Wednesday, December 31, 2008

Yet again

So, I hope none of you are trying to win the laptop in the giveaway over at "Confessions of a Pioneer Woman" because I am clearly going to win it. And someday I'll have a blog that can give away a laptop on NYE, too.

OK, maybe not.

But so far so good in the pre-New Years make-over in my head.

I had planned to whip up a fancy organization system in my closet, which turned out to be much more messed-up that I had thought. Hmmmm, wonder what else is more messed up than I thought it was. Maybe, you know, my HEAD!? Probably.

Love that metaphor. The deep storage in my closet and in my head. Messed-up. But a work in progress.

It turned out that I only have one pair of serviceable socks in an entire woman-sized basket full of socks. And I also have fifty times more skirts than I thought I did. Who knew? Now all the hole filled socks are awaiting execution and the skirts are hanging, breathlessly waiting to be worn in the new year, I am ready for the launch to a tidy and organized closet. It seems that often I stood in the stuffed closet with the lament "I have nothing to weaaaarrrrr!" Now, I have some things to wear. And I know what fits. And I know that eating those french fries is really a lose-lose situation. So, I'm making progress.

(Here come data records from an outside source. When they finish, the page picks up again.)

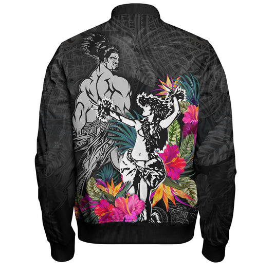 Hawaii Bomber Jacket Hawaiian Girl And Warrior With Tropical Flowers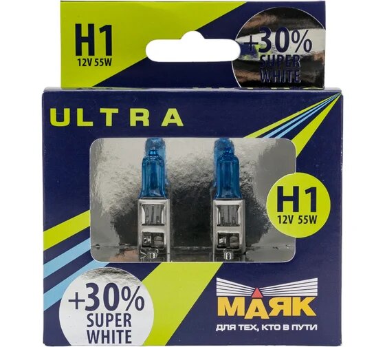 Лампа галогенная маяк ULTRA SUPER WHITE +30% 12V H1 55W 2 шт 82120SW+30 интересное: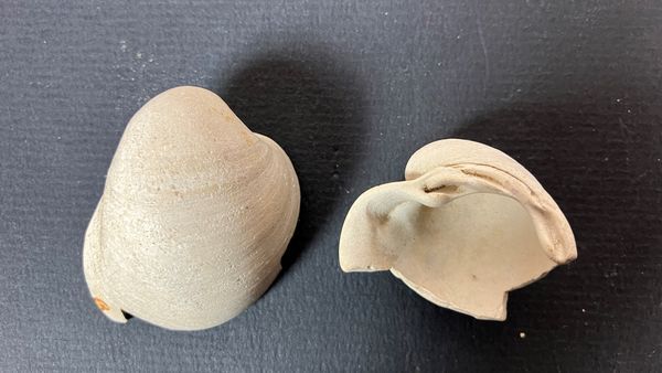 Plastic potje met etiket " Glossius Humanus L. " bevattende 2 schelpen.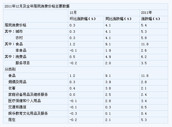 2011年12月份,全國居民消費價格總水平同比上漲4.1%。其中,城市上漲4.1%,農(nóng)村上漲4.1%;食品價格上漲9.1%,非食品價格上漲1.9%;消費品價格上漲4.9%,服務(wù)項目價格上漲2.0%。全國居民消費價格總水平環(huán)比上漲0.3%。其中,城市上漲0.3%,農(nóng)村上漲0.3%;食品價格上漲1.2%,非食品價格下降0.1%;消費品價格上漲0.5%,服務(wù)項目價格下降0.2%。2011年,全國居民消費價格總水平比上年上漲5.4%。
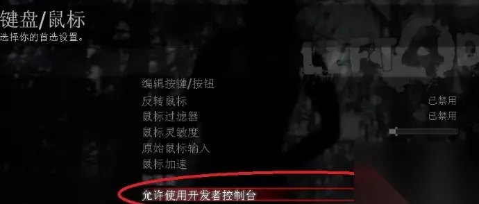 2、连接后,进入游戏并开启控制台 (在“选项”--“键盘/鼠标”--“允许使用开发者控制台”,将“已禁用”变成“已开启”)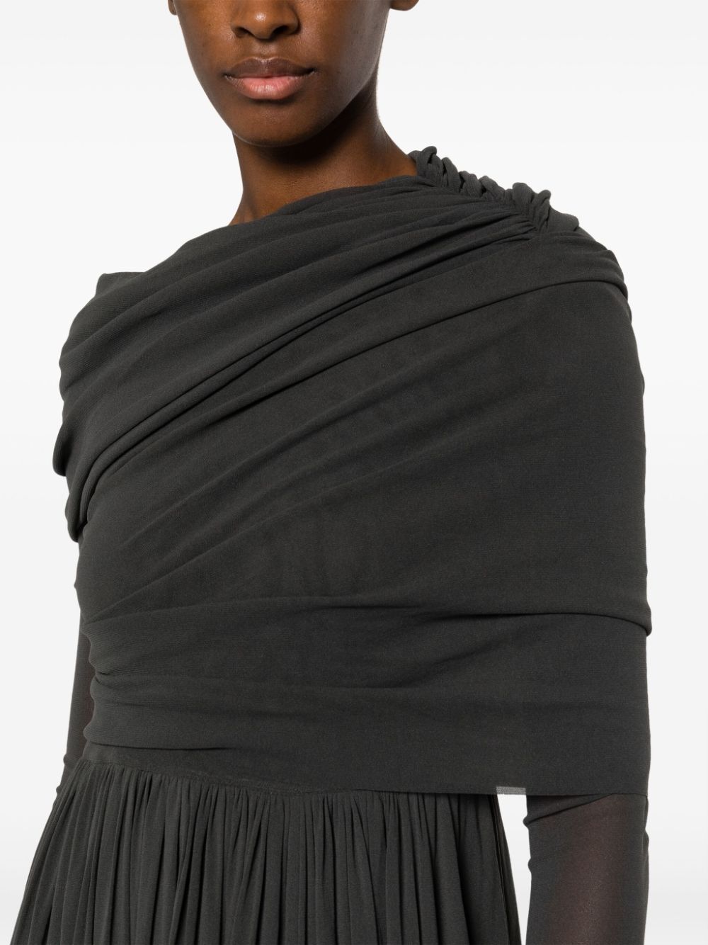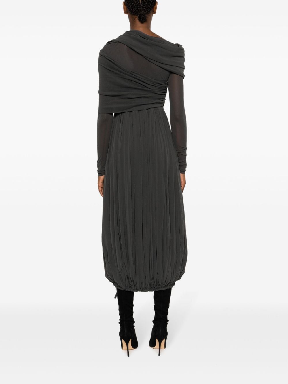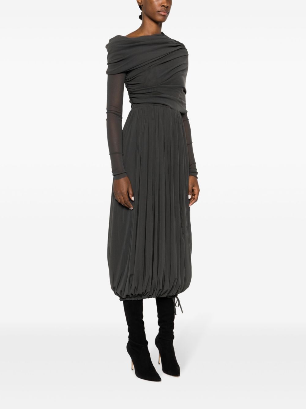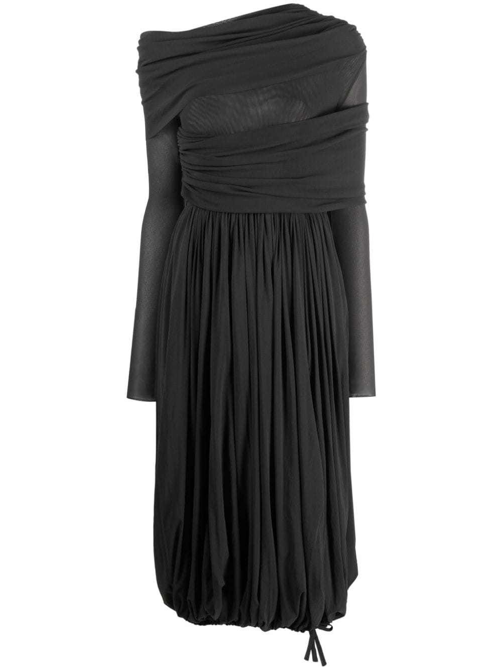dress, stretch tulle, crew neck, long sleeves, draping, balloon skirt, drawstring hem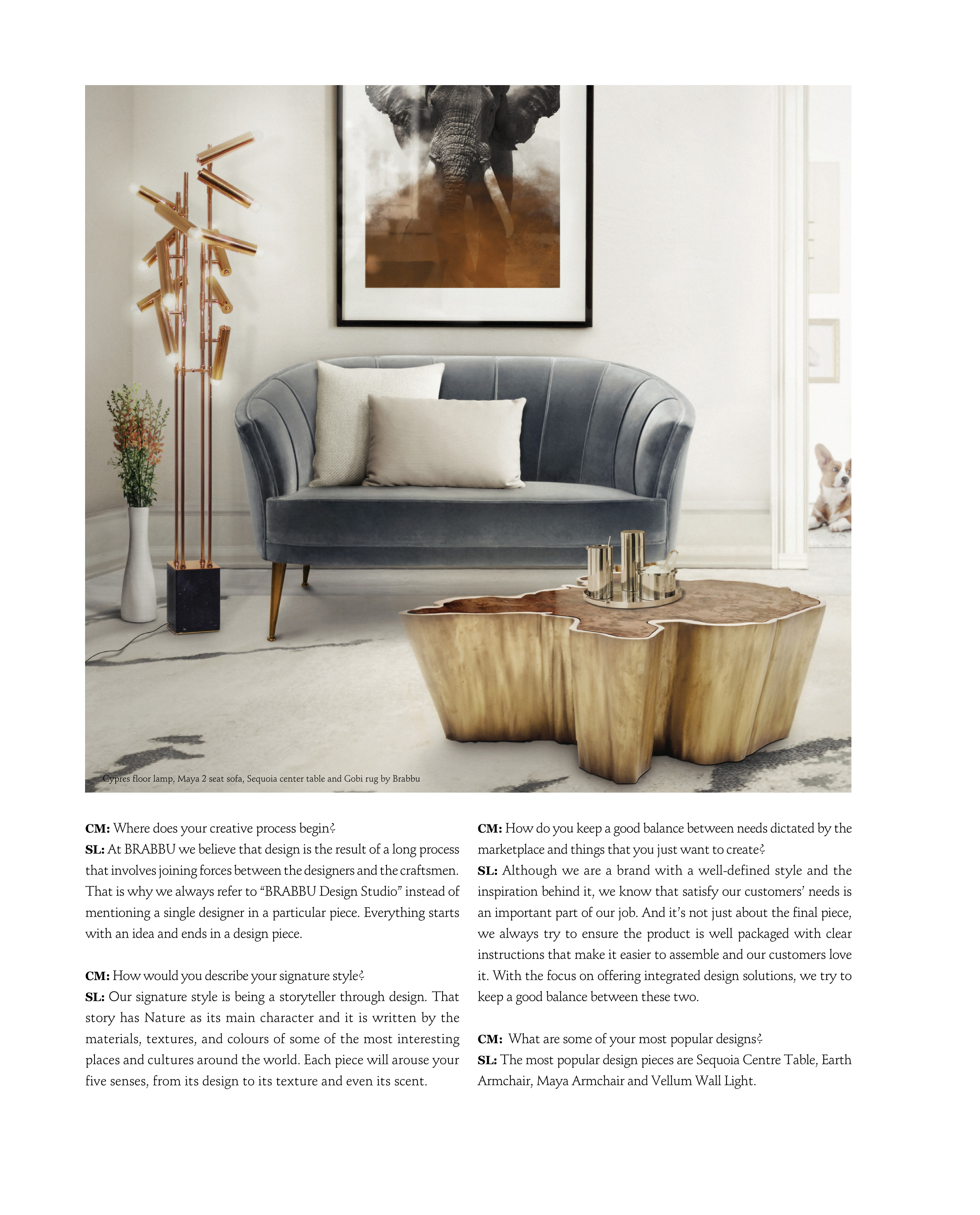 Cypres floor lamp, Maya 2 seat sofa, Sequoia center table and Gobi rug by Brabbu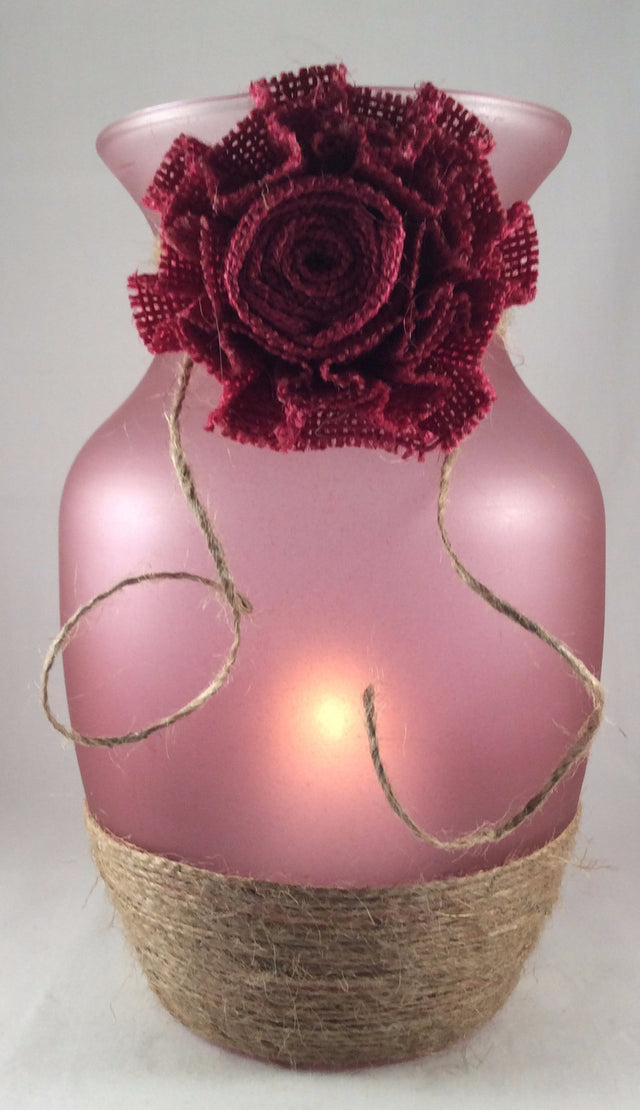 Glass Vase Candle Holder, Frosted Pink Vase with Jute and Burlap Bow

Tonight we're eating dinner and then heading to our friends' house. I really am looking forward to the new year. And I'm astonished at how fast time goes. Can it really be nine years since we all celebrated the turn to 2000? Can I really be the mother of three young men? Can it really be possible to let go of the attachment I have to food? Maybe. The teenagers are all there, it really will be 2009 very soon and I keep getting older no matter HOW many of those fancy lotions I buy. Nope nope nope. So, might as well accept all true things as, well, you know. True.

I have no resolutions. I want to be real and love the people I love and stand up for the things I love and be who I mean to be. Nothing new. Just trying to come home, though I've broken my vows a thousand times, yet again, to come home.